После этого я позвонил генералу Батюшину в Генеральный штаб в Санкт-Петербурге, коротко доложив о моих делах Русскому начальнику я дождался приказа немедленно отправиться в Оружейную палату, расположенную во флигеле Кремлевского дворца. Там меня ждал знаменитый фотограф и химик из управления делами Его Императорского Величества, капитан Патрик Алоизус О'Брайен де Ласси, чтобы оказать мне любую необходимую помощь.
Стало очевидно, что мои находки у убитого Драгомира крайне важны, поскольку капитан О'Брайен де Ласси, русский подданный ирландского происхождения, работал только над вещами, представляющими особый уникальный интерес, и часто выполнял личные поручения военного министра.
«Комната предателей», выделенная мне по приказу генерала Батюшина, находилась в левом крыле Большого Кремлевского дворца и с течением веков не утратила ни своего зловещего блеска, ни мрачной славы.
Ее узкие, зарешеченные окна раннего славянского стиля, способствовали созданию мрачной средневековой атмосферы, в центре на вымощенном каменными плитами полу стоял длинный старинный дубовый стол с массивными ножками из слоновой кости, а на голых серых стенах висели мечи давно осужденных москвичей, казаков и польских предателей с затупленными клинками.
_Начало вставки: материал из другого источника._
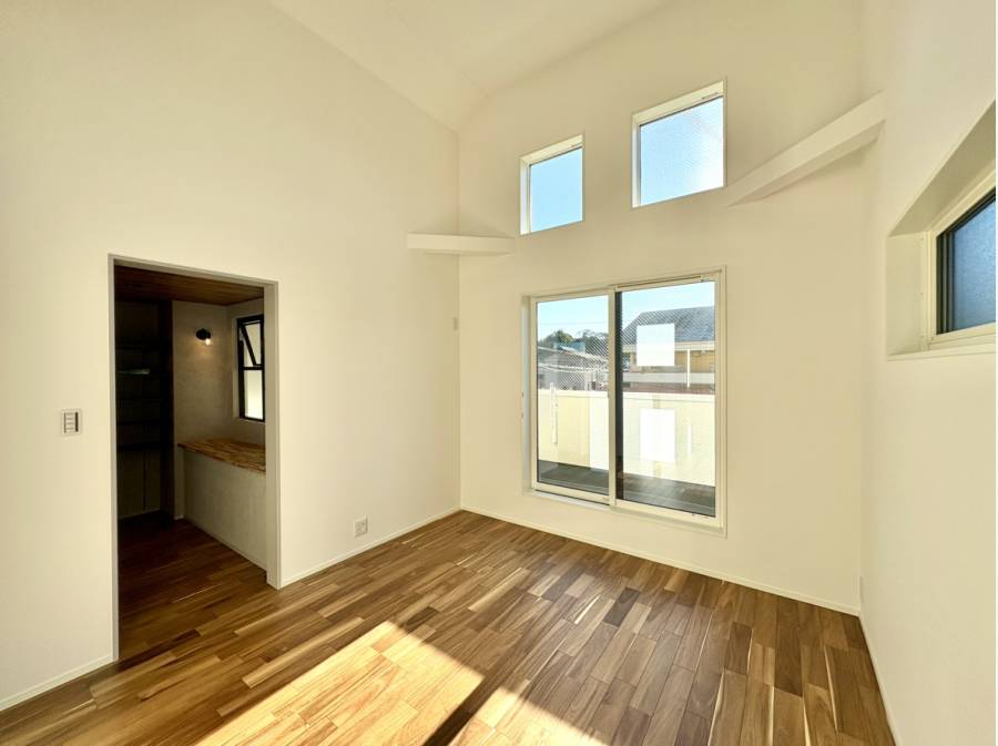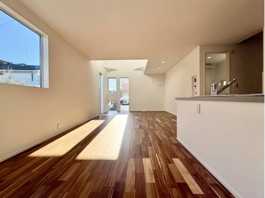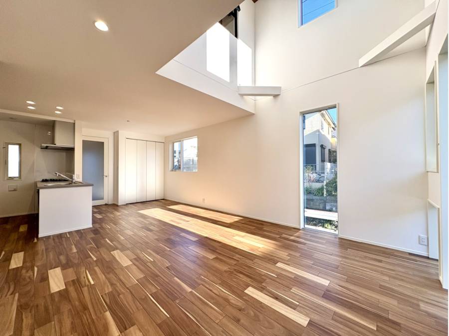 約18帖超の広々としたLDKは、吹き抜けによる開放感が魅力で、家族の会話も弾む空間です。

Комната выглядела несколько театрально для прозаических разговоров секретной службы, но одним бесценным качеством она, безусловно, обладала, а именно, полной и абсолютной тишиной.
Несколько часов спустя, при свете лампы, я сидел за длинным дубовым столом, внимательно изучая фотографию кабинетного размера из кармана кителя лейтенанта Драгомира. Вокруг меня была разбросана куча всякой всячины, которой меня снабдили: книги по архитектуре, линейки, штангенциркули, карандаши и различные научные инструменты специального типа, используемые для определенных видов разведывательной работы.
Таинственную фотографию капитан О'Брайен де Ласси обработал химическими веществами, а нанесение раствора ферроцианида придало глянцевой поверхности дополнительную четкость и твердость. Тем не менее, вид обычной, старомодной гостиной загородного дома на изображении остался неизменным, и единственный реальный ключ к его скрытому смыслу заключался в серии очень тонких линий красными чернилами, которые можно было разглядеть под сильным увеличительным стеклом. Я не заметил их во время моего первого поспешного осмотра в тусклом свете Помпейской комнаты в доме мадам Дискретье, и обнаружил только при более тщательном изучении фотографии при дневном свете в разведывательном бюро.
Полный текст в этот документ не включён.